Name of the Vulnerable Software and Affected Versions: SourceForge (aka alexandria) version 1.0.4 Description: The issue allows remote attackers to execute arbitrary PHP code. This is achieved via the `sys dbtype` parameter in the include/database.php file. Recommendations: For version 1.0.4, avoid using the `sys dbtype` parameter in the include/database.php file until the issue is resolved. As a temporary workaround, consider restricting access to the include/database.php file to minimize the risk of exploitation.
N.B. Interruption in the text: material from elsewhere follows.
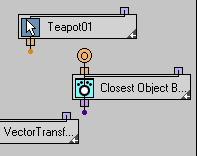 Vous allez à présent rendre l'opérateur plus complexe en reliant le vecteur de vitesse à l'orientation de l'icône de l'opérateur. Il s'agit du petit carré au niveau de l'origine de l'univers qui a été créé lors de l'ajout de l'opérateur Icône de données.

At the moment, there is no information about a newer version that contains a fix for this vulnerability.

**Name of the Vulnerable Software and Affected Versions** RSSonate (affected versions not specified) **Description** The issue allows remote attackers to execute arbitrary PHP code via a URL in the `PROJECT ROOT` parameter to several PHP files, including `xml2rss.php`, `config local.php`, `rssonate.php`, and `sql2xml.php` in the `Src/getFeed/inc/` directory. This can be achieved by manipulating the URL to include malicious PHP code. **Recommendations** As a temporary workaround, consider restricting access to the `Src/getFeed/inc/` directory to minimize the risk of exploitation. Avoid using the `PROJECT ROOT` parameter in the affected API endpoints until the issue is resolved. At the moment, there is no information about a newer version that contains a fix for this vulnerability.

Name of the Vulnerable Software and Affected Versions: EPNadmin versions 0.7 through 0.7.1 Description: The issue allows remote attackers to execute arbitrary PHP code via the `langage` parameter in the constantes.inc.php file. Recommendations: For EPNadmin versions 0.7 through 0.7.1, consider restricting access to the constantes.inc.php file to minimize the risk of exploitation. Avoid using the `langage` parameter in the affected file until the issue is resolved. At the moment, there is no information about a newer version that contains a fix for this vulnerability.